Celia Cole, CEO of Feeding Texas, which works extensively with all of Texas’ 21 food banks, shared a similar account.

In a May 1 email included in the USDA documents discussed by TPR, Palomino told the agency he’d contacted all of the food banks in Texas. The email is time-stamped May 1, but Cole says Palomino had no relationship with Feeding Texas and other organizations at that time.

“If USDA awarded the contract on the basis of having those relationships, that is troubling, because we did not have those until after the award,” Cole told TPR.

TPR asked the USDA what impact Palomino’s representations about the relationships could have had on the outcome of his bid, but the agency declined comment.

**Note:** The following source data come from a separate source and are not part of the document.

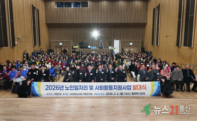 가평군은 이날 오전 음악역1939 1층에서 ‘2026년 노인일자리 및 사회활동지원사업 발대식’을 개최했다. 행사에는 서태원 가평군수를 비롯해 가평군의회 의장과 군의원, 대한노인회 가평군지회 관계자, 노인일자리 참여 어르신 등 약 250명이 참석해 사업 시작을 함께했다.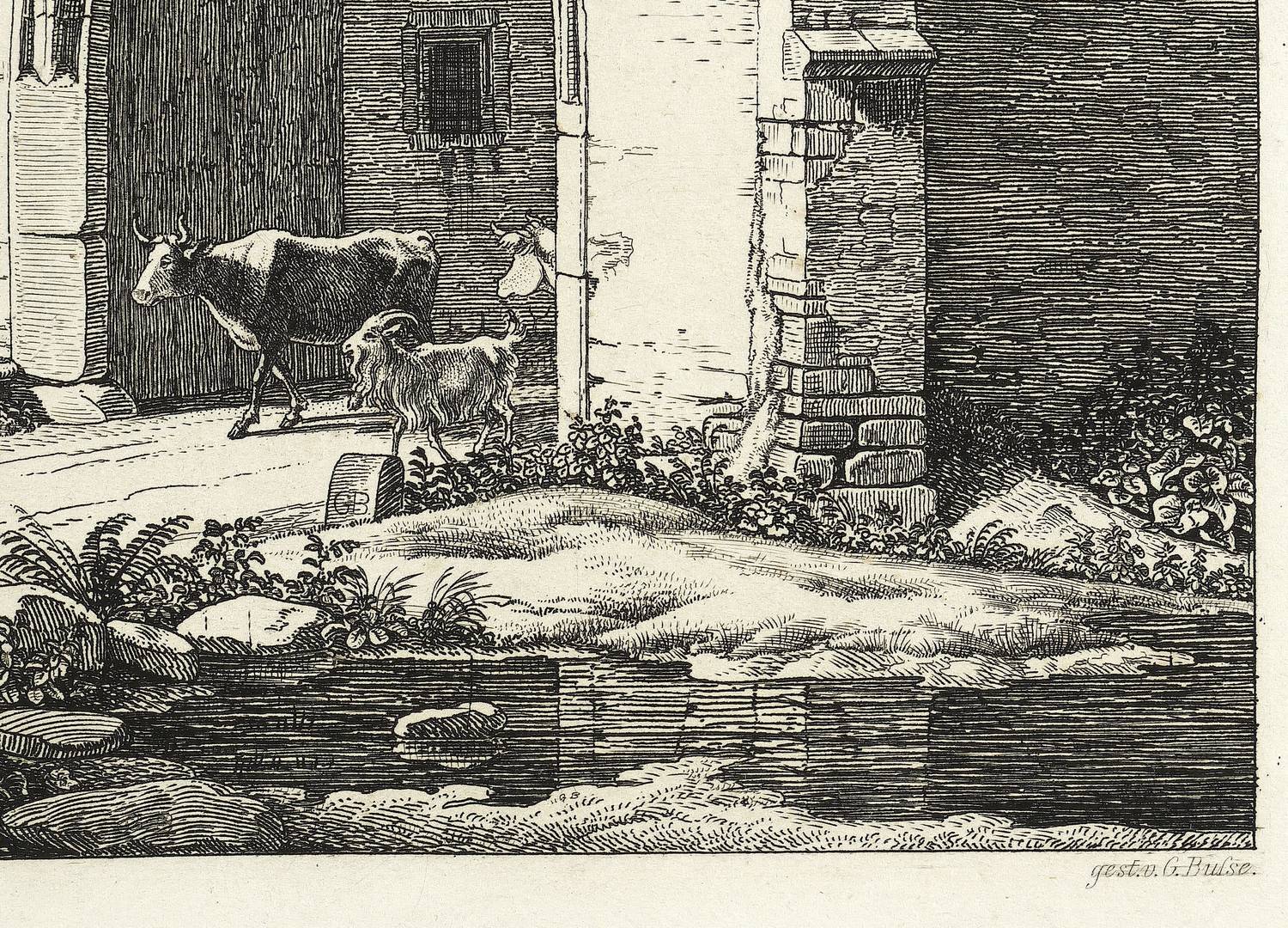 Georg Heinrich Busse (1810 Bennemühlen - 1868 Hannover). Deutscher Maler und Kupferstecher. Studierte Kupferstich bei Christian Friedrich Stoelzel in Dresden. Bereiste 1833-44 Italien und brachte 1839-46 die drei Hefte "Malerische Radirungen verschiedener Gegenden Italiens" heraus. Danach als Bibliotheks-Kupferstecher in Hannover angestellt. 1857/58 Studienreise nach Paris, Algier, Malta und Italien.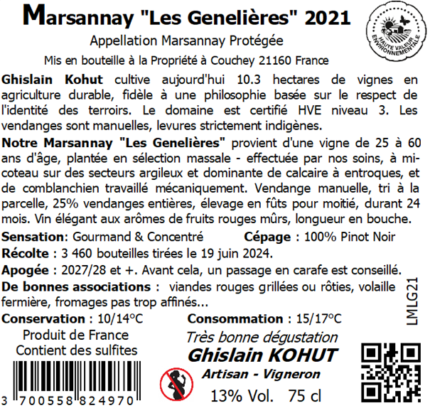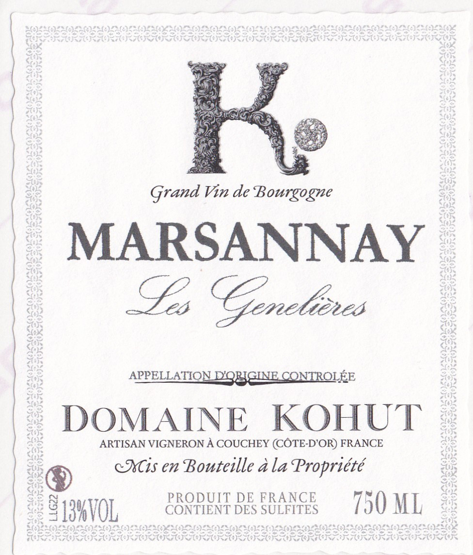 | Libellé | Domaine Kohut Les Genelières, 2021 - Marsannay AOP - Rouge - 75 cl |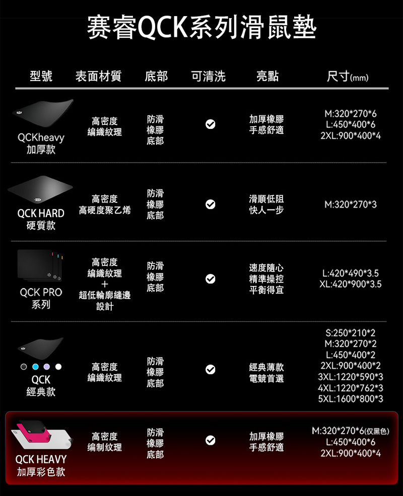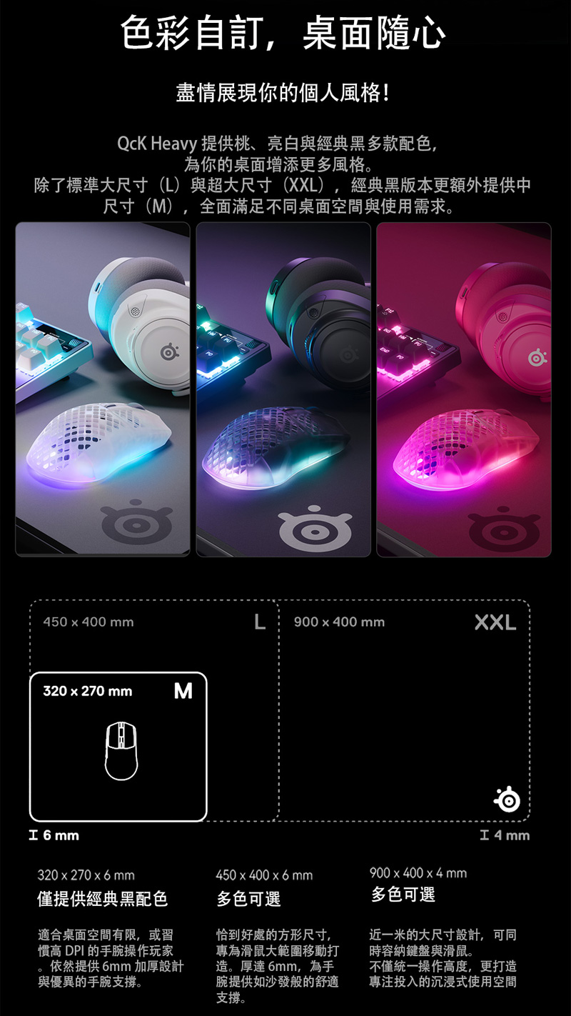 SteelSeries QcK Heavy 布質鼠墊 中M / 大L / 寬XXL 黑色/霧澈白/耀澈桃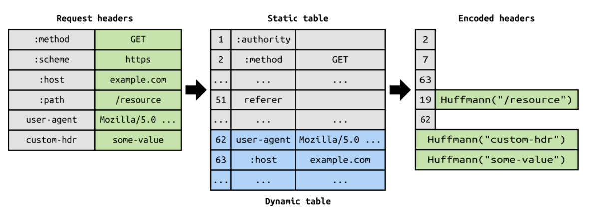 반면 HTTP/2는 Static/Dynamic Header Table 기법을 사용하여 중복 Header를 검출하고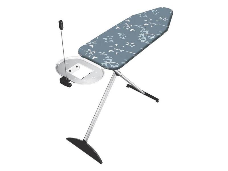 Žehlicí prkno VILEDA Total Reflect + je stabilní, bezpečné, s variabilně nastavitelnou výškou a extra velkou žehlící plochou. Pro maximální pohodlí při používání je vybaveno integrovanou elektrickou zásuvkou. Díky multifunkční odkládací ploše je vhodné i pro parní generátory.

Palomino has been a focus of media investigations since CRE8AD8 improbably landed the sizable federal contract. Those reports have included a history of questionable claims regarding past clients, nonexistent licensing and the firm’s inability to deliver on the terms of its government pact.

Indeed, CRE8AD8 was only able to complete two-thirds of its obligations under the contract, USDA officials said at a congressional hearing this summer.